Directions: What you give must be the lines from the one containing "ヒメシャラの樹皮は滑らかで、" through the last line of the listing below, exactly, with nothing else and no pictures.

Records for the task:
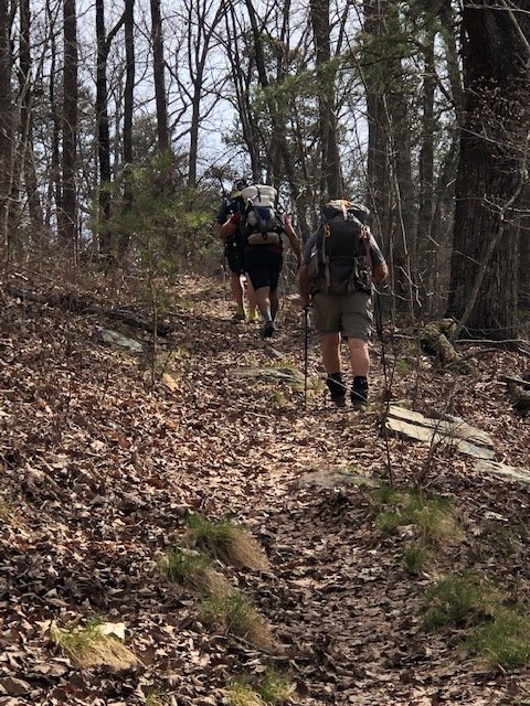 onto to the ridge beyond Highpoint. At the campsite near the old firetower we catch up with Ryan and Little John. They’re in the process of breaking camp as we pass and they soon come along to join us–and hike with us the remainder of the day.
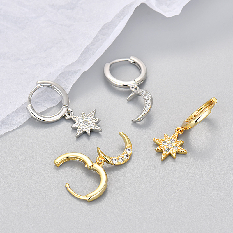 European and American Star Moon Ear Buckle Women's New Trendy Fashion Cross-border Hot Sale Light Luxury Niche Design Asymmetric Ear Jewelry
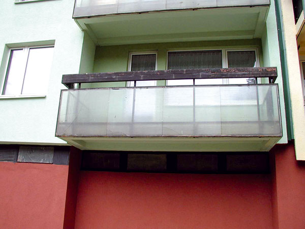 Pri balkónoch z 20. storočia je spravidla možná ich reprofilácia. Aj keď je nosná betónová konštrukcia degradovaná, betón má ešte vyhovujúce vlastnosti (obr. 2).
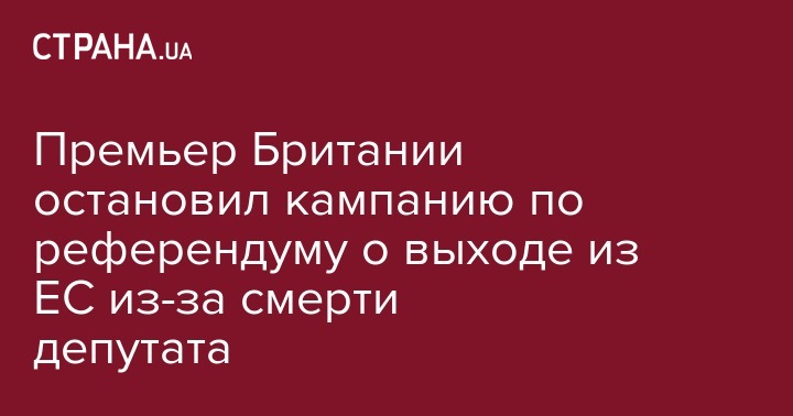 В Британии приостановили кампанию по референдуму о Брекзите (выходе из ЕС). Это произошло после смерти парламентария, члена Лейбористской партии Джо Кокс, которую сегодня застрелил агрессивный мужчина. О приостановке кампании в своем twitter написал британский премьер Дэвид Кэммерон.
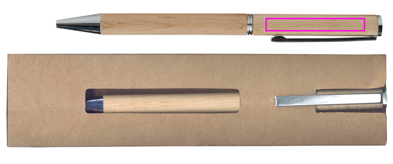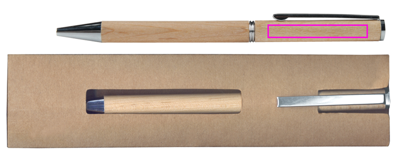 Klassinen puukynä, jossa on sinikirjoitus muovitäyttö ja pahvikotelo. Kaivertamme logosi klipsien alle.
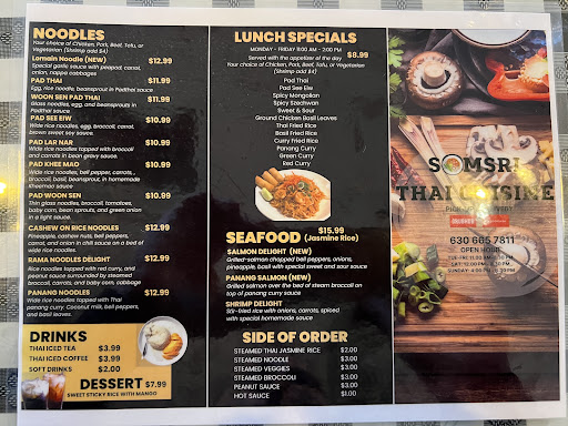 A small thai restaurant that pretty much has customers shoulder to shoulder. I was expecting them not to have an orange dish on the menu, but to my surprise they recently added orange karaage which is just lightly breaded white meat chicken chunks tossed with a very mild orange sauce and vegetables. It comes with a side of fried rice. I also opted for shrimp cigars which is just shrimp and basil with a spring roll wrap. The entrees are about $13-$16 and the appetizers are between $8-$13.
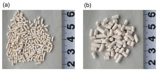 Appearance of Zeolite 13X adsorbent pellets ((a) d = 1.5 mm; (b) d = 3.0 mm.).
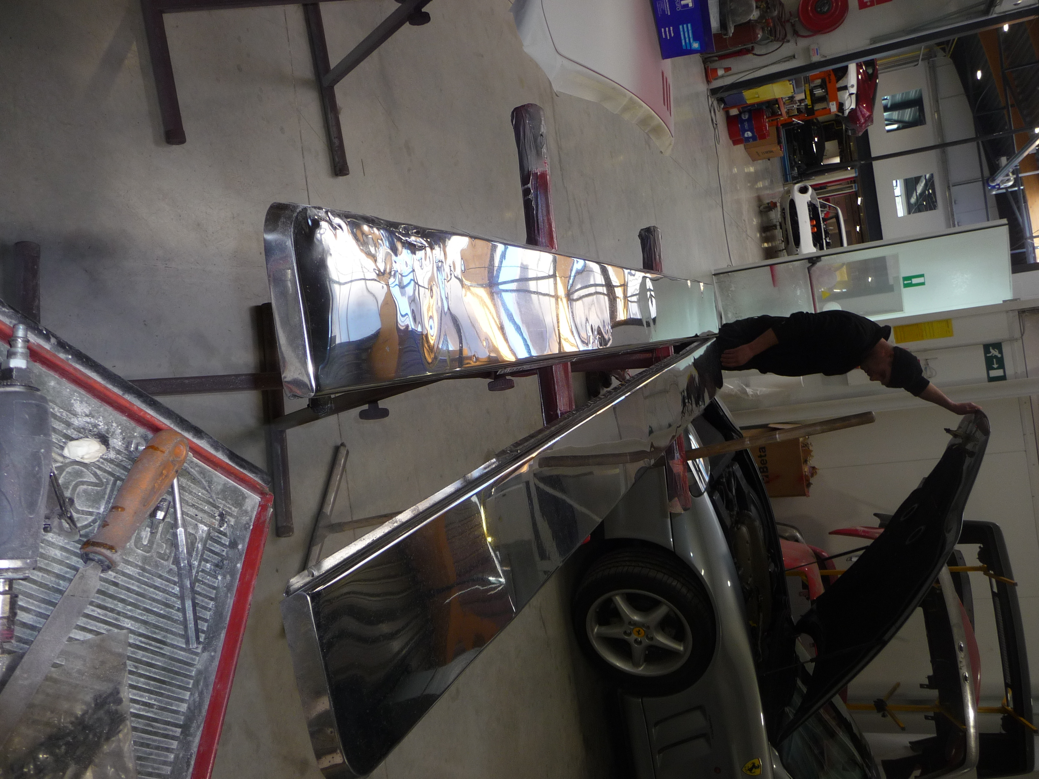 Du coup, le débosselage des grandes plaques inox latérales et le polissage des capuchons de roues (puis le re-chromage) prennent leur temps aussi, d'autant que l'artisan est surbooké...
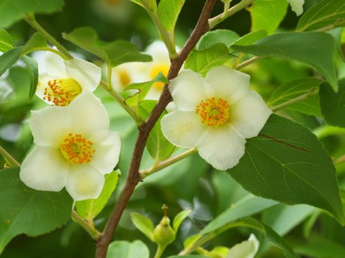 ヒメシャラの樹皮は滑らかで、淡赤黄色から淡赤褐色を帯びて光沢があります。幹がとても美しく有名な木です。日本三大美幹の1種です。秋には美しく広葉します。葉はほかの樹種より小さくどこか品があるように見えます。6~7月に小さく白いツバキに似た清楚な花をつけます。花はナツツバキに似ていますがそれよりも小柄です。実は9~10月につけます。シャラとの大きな違いは幹の色と葉の大きさと花の大きさが違います。
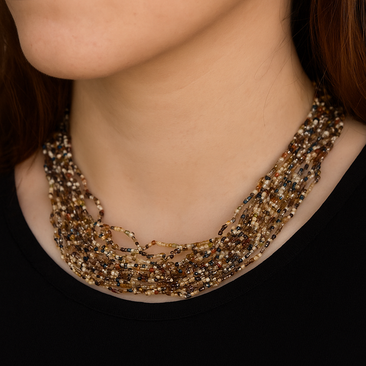 يجمع عقد "همسات برونزية" بين الأناقة الخالدة والحرفية الماهرة. يضفي لونه البرونزي الدافئ لمعانًا رقيقًا ومميزًا، مما يجعله إكسسوارًا متعدد الاستخدامات للمناسبات الرسمية وغير الرسمية. صُمم هذا العقد ليمنحكِ المتانة والأناقة، ويضفي على إطلالتكِ سحرًا راقيًا وبسيطًا. مثالي لمن يُقدّرون الجودة والتصميم الكلاسيكي في مجموعة مجوهراتهم.
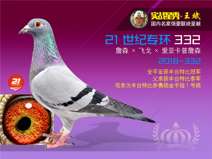 | 赛绩:全平辈获得丰台五百元特比环冠军,赢奖金65万 父亲获得丰台三千元特比季军 母亲获得丰台三千元特比金手指1号鸽 | |
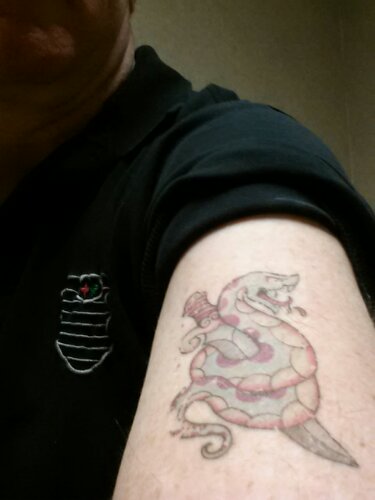 My old tatt Posted on 2013/09/11 by treetrunkrick Tagged happiness, technology Leave a comment Walmart special fades but is fun while it lasts. Temporary tattoos make body art experimentation more exciting to me…an everchanging canvas until I get the flexible screen underskin electroluminescent display implants later this century. Share this: Click to share on Facebook (Opens in new window) Facebook Click to share on X (Opens in new window) X Like Loading... Related
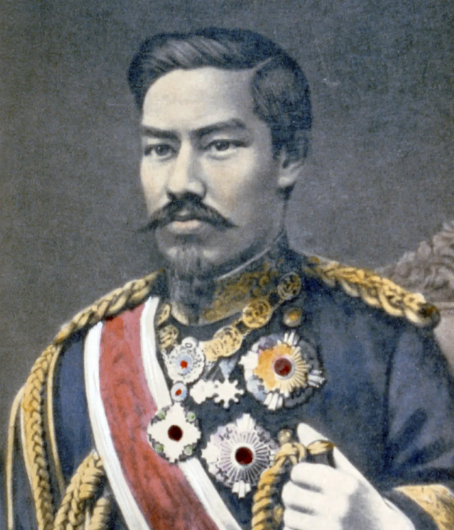 Image: portrait of emperor Meiji of Japan in 1888 (public domain)
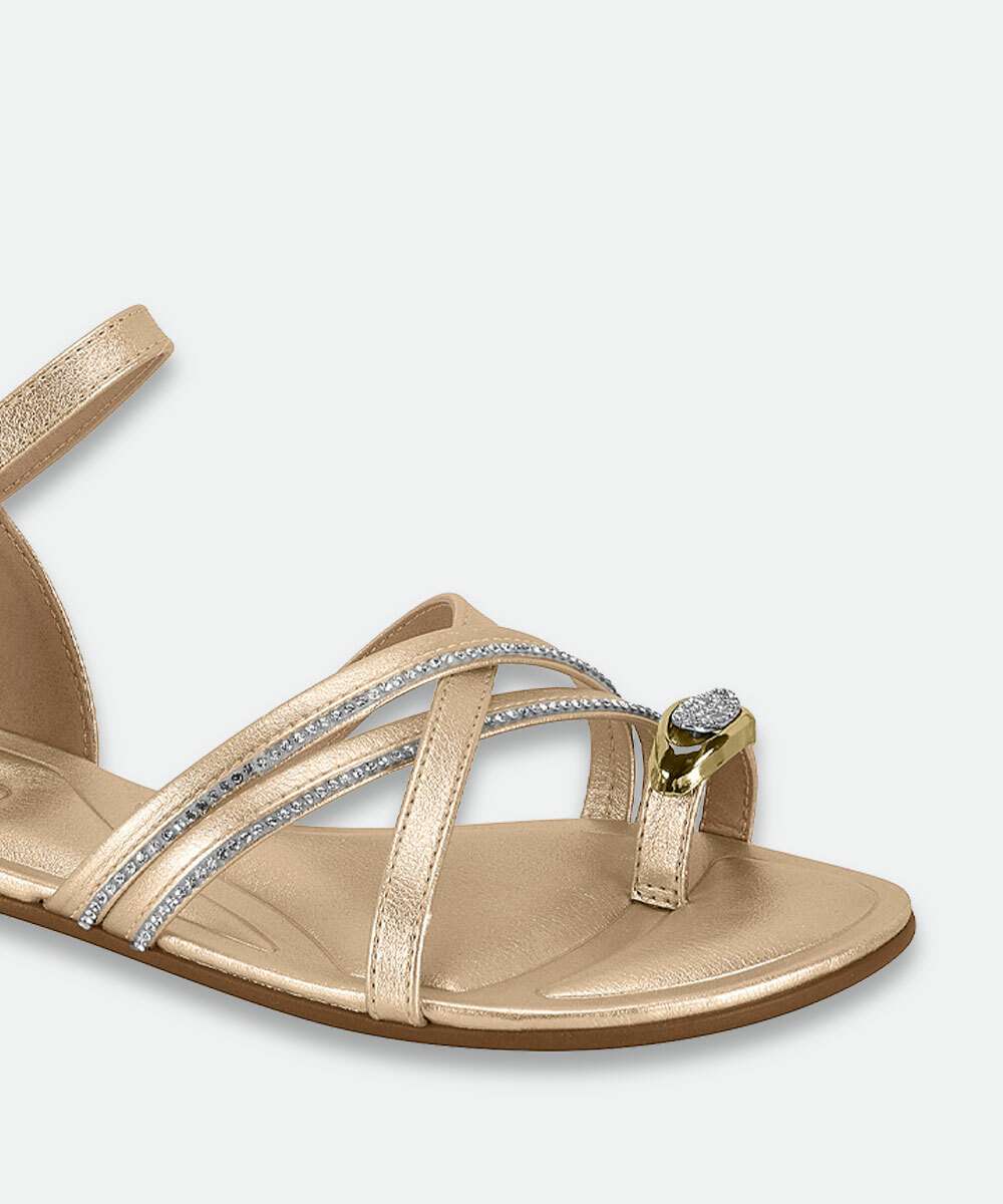 Sandália Feminina Rasteira Metalizada Beira Rio Dourado

Task solution:
 ヒメシャラの樹皮は滑らかで、淡赤黄色から淡赤褐色を帯びて光沢があります。幹がとても美しく有名な木です。日本三大美幹の1種です。秋には美しく広葉します。葉はほかの樹種より小さくどこか品があるように見えます。6~7月に小さく白いツバキに似た清楚な花をつけます。花はナツツバキに似ていますがそれよりも小柄です。実は9~10月につけます。シャラとの大きな違いは幹の色と葉の大きさと花の大きさが違います。
 يجمع عقد "همسات برونزية" بين الأناقة الخالدة والحرفية الماهرة. يضفي لونه البرونزي الدافئ لمعانًا رقيقًا ومميزًا، مما يجعله إكسسوارًا متعدد الاستخدامات للمناسبات الرسمية وغير الرسمية. صُمم هذا العقد ليمنحكِ المتانة والأناقة، ويضفي على إطلالتكِ سحرًا راقيًا وبسيطًا. مثالي لمن يُقدّرون الجودة والتصميم الكلاسيكي في مجموعة مجوهراتهم.
 | 赛绩:全平辈获得丰台五百元特比环冠军,赢奖金65万 父亲获得丰台三千元特比季军 母亲获得丰台三千元特比金手指1号鸽 | |
 My old tatt Posted on 2013/09/11 by treetrunkrick Tagged happiness, technology Leave a comment Walmart special fades but is fun while it lasts. Temporary tattoos make body art experimentation more exciting to me…an everchanging canvas until I get the flexible screen underskin electroluminescent display implants later this century. Share this: Click to share on Facebook (Opens in new window) Facebook Click to share on X (Opens in new window) X Like Loading... Related
 Image: portrait of emperor Meiji of Japan in 1888 (public domain)
 Sandália Feminina Rasteira Metalizada Beira Rio Dourado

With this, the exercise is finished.